Published by the MIT News Office at the Massachusetts Institute of
Technology, Cambridge, Mass.
NEW STUDY Depression in Real Estate Is Unlikely, Experts Say A "national depression" in residential real-estate prices is highly unlikely, say two housing experts at MIT and Harvard University. According to Professor William C. Wheaton of MIT and Professor Denise DiPasquale of Harvard, their recent study of future home prices found that while "there may be short-term downturns in local markets over the next decade, a systematic national depression in single -amily house prices is extremely improbable." Dr. Wheaton, associate professor of economics and urban studies, is associated with MIT's Center for Real Estate Development. Dr. DiPasquale, formerly at MIT, is now at Harvard's Joint Center for Housing Studies. In their study, "Housing Market Dynamics and the Future of Housing Prices," the researchers argue that anticipated changes in the country's demographic structure will have a less negative impact on housing demand than previously thought.

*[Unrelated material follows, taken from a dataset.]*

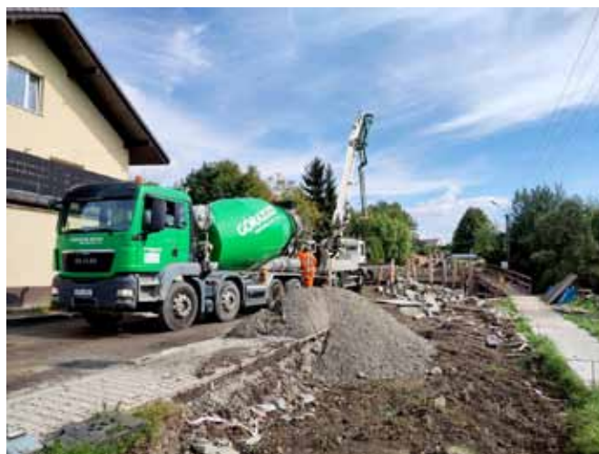
Bestwinka – budowa mostu nad Łękawką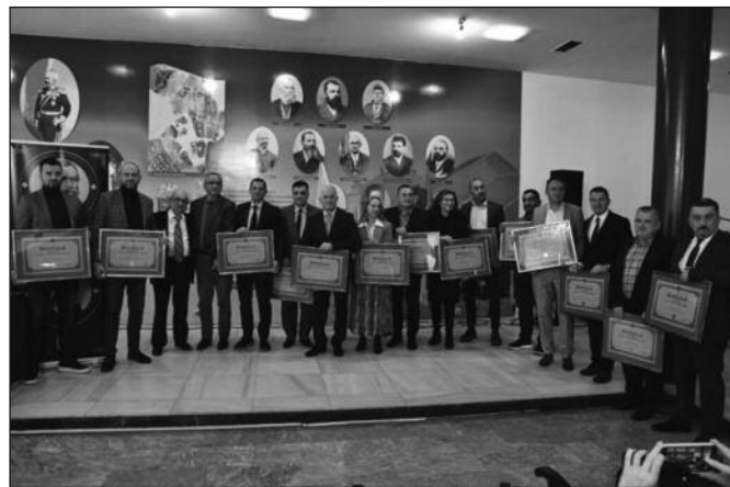
Афирмација свеукупног стваралаштва развија се и кроз доделу ове угледне друштвене награде

Наравно да сви ми добитници, а у овом случају сам ја испред институције коју представљам, знамо да неко прати наш рад, да се оцењује између свих оних који се баве сличним послом. На тај начин нас несвесно терају да још

They find that the older age distribution of the population will tend to generate higher home ownership levels--at least partially offsetting the negative impact on prices of lower household formation. Even then, they say, the net effect will be to reduce the demand for single-family housing. But their major finding, they add, is that the supply of new single- family units, or the rate of new construction, is extremely sensitive to changes in housing prices as well as other more general market conditions. Thus, if housing prices did start a significant decline, new construction would diminish, and this in turn would quickly arrest any further decline in prices. They conclude that "with price-elastic construction in the short run, and a rising long-run supply schedule for the stock of housing, it is almost impossible for prices to undergo any significant and sustained decline." Using their econometric model, the researchers estimate that housing prices should rise over the next decade at an average rate that is just slightly faster than the overall consumer price level. Over the next three years, however, housing prices will be softer, because of the current recession and the likely course of the nation's macroeconomy. While not pessimistic about future housing prices, the study does point out that the kind of very rapid growth that occurred in the late 1970s and early 1980s is unlikely to be repeated in the foreseeable future.